* Provided entries *
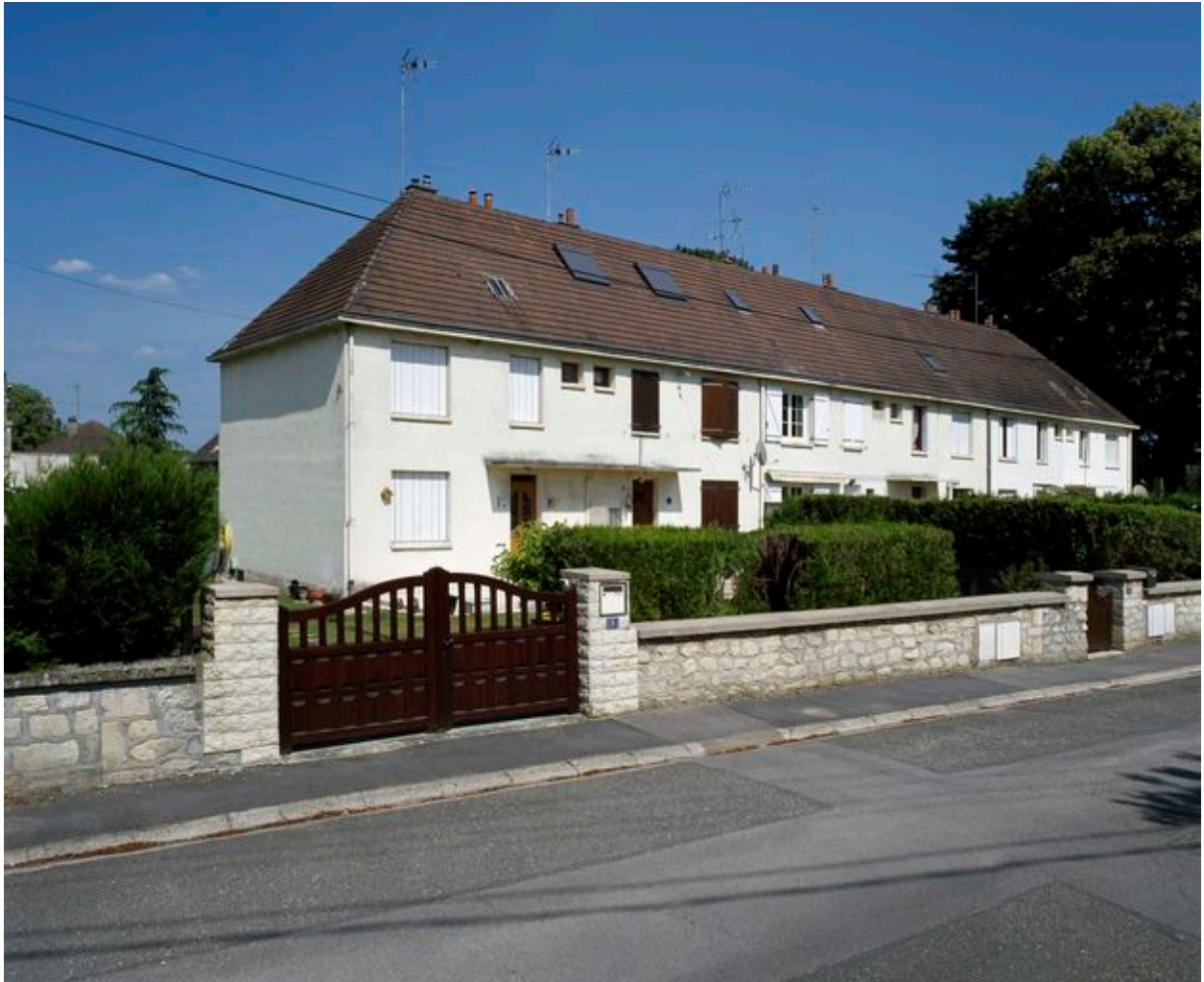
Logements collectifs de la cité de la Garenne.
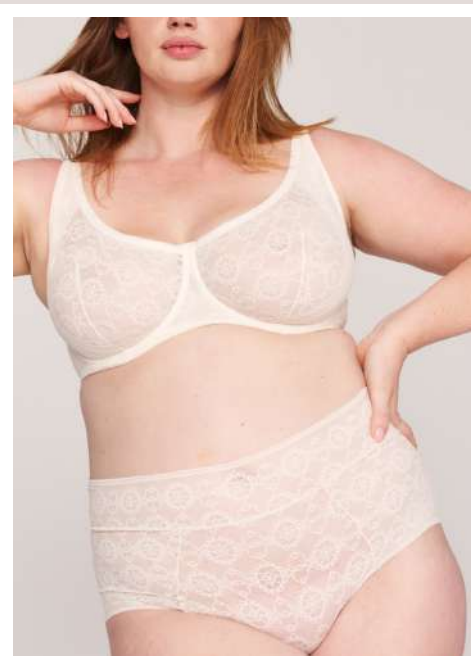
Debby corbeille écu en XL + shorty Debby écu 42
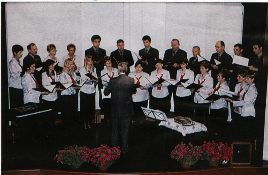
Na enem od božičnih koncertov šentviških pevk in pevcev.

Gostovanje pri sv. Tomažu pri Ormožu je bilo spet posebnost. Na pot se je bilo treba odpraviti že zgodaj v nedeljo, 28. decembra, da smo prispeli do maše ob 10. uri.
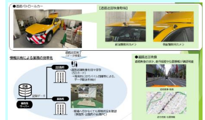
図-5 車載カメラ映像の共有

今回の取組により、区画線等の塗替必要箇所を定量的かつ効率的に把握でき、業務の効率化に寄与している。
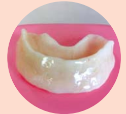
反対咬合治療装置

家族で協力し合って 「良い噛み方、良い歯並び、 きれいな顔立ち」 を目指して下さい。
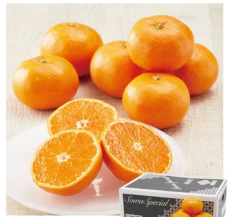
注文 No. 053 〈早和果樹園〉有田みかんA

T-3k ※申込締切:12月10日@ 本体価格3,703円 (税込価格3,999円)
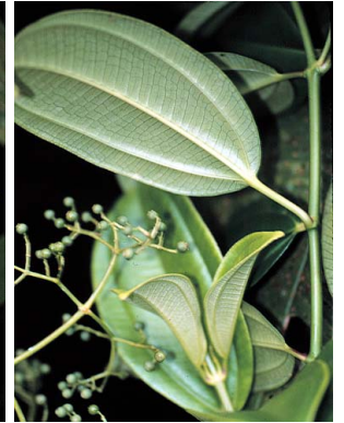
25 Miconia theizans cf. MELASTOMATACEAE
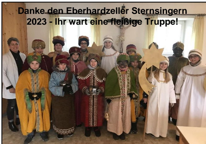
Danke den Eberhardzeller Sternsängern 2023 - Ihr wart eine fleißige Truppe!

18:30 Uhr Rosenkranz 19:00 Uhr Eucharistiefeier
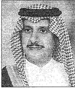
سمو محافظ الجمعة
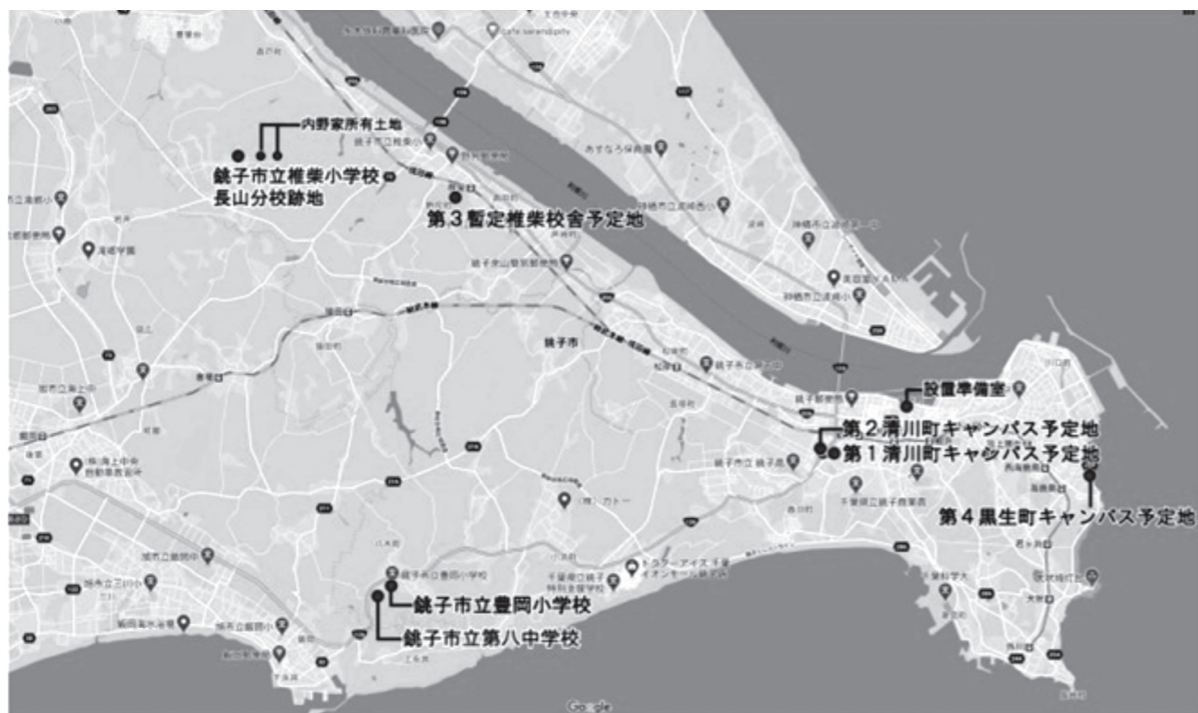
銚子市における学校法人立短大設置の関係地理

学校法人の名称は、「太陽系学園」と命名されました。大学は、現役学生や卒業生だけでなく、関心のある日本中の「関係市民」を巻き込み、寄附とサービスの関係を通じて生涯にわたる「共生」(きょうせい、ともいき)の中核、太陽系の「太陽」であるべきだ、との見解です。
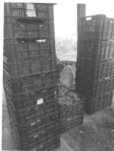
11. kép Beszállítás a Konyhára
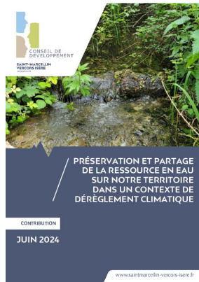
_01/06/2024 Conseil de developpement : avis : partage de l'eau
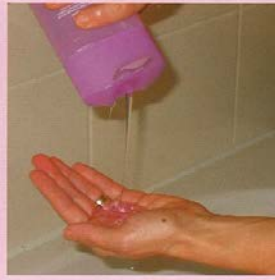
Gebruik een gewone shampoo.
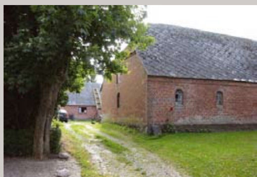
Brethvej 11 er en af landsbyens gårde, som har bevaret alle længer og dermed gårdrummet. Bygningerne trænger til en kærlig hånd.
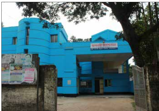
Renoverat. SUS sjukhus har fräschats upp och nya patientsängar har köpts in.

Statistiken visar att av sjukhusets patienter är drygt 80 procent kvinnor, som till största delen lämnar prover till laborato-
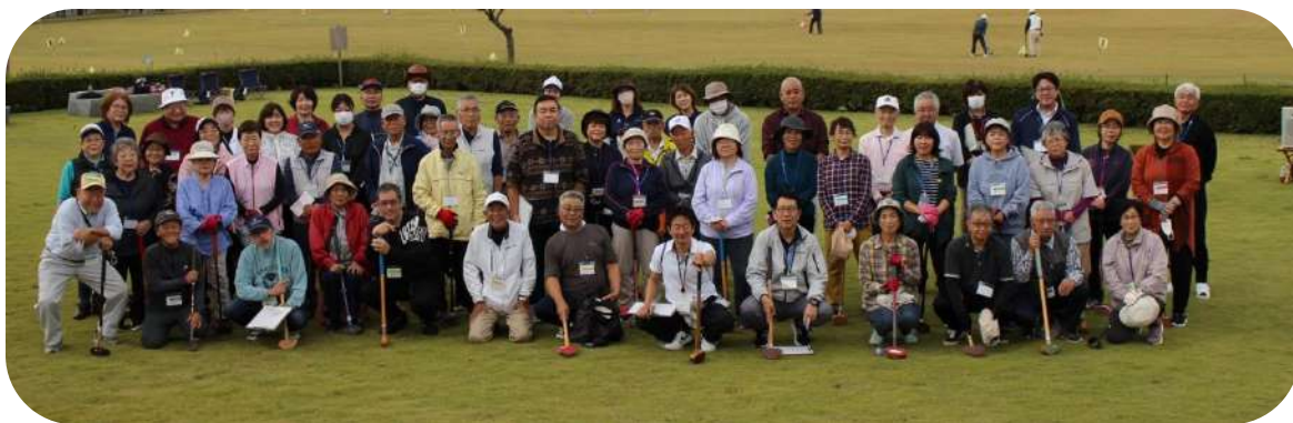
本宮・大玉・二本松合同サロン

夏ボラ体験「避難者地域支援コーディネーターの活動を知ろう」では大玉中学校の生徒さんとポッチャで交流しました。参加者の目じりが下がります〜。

* What the task requires *
Repeat exactly and only the lines from the start of the data above through the line that holds "銚子市における学校法人立短大設置の関係地理", inclusive. Pictures do not belong in the copy.

* Response for this exercise *
Logements collectifs de la cité de la Garenne.
Debby corbeille écu en XL + shorty Debby écu 42
Na enem od božičnih koncertov šentviških pevk in pevcev.

Gostovanje pri sv. Tomažu pri Ormožu je bilo spet posebnost. Na pot se je bilo treba odpraviti že zgodaj v nedeljo, 28. decembra, da smo prispeli do maše ob 10. uri.
図-5 車載カメラ映像の共有

今回の取組により、区画線等の塗替必要箇所を定量的かつ効率的に把握でき、業務の効率化に寄与している。
反対咬合治療装置

家族で協力し合って 「良い噛み方、良い歯並び、 きれいな顔立ち」 を目指して下さい。
注文 No. 053 〈早和果樹園〉有田みかんA

T-3k ※申込締切:12月10日@ 本体価格3,703円 (税込価格3,999円)
25 Miconia theizans cf. MELASTOMATACEAE
Danke den Eberhardzeller Sternsängern 2023 - Ihr wart eine fleißige Truppe!

18:30 Uhr Rosenkranz 19:00 Uhr Eucharistiefeier
سمو محافظ الجمعة
銚子市における学校法人立短大設置の関係地理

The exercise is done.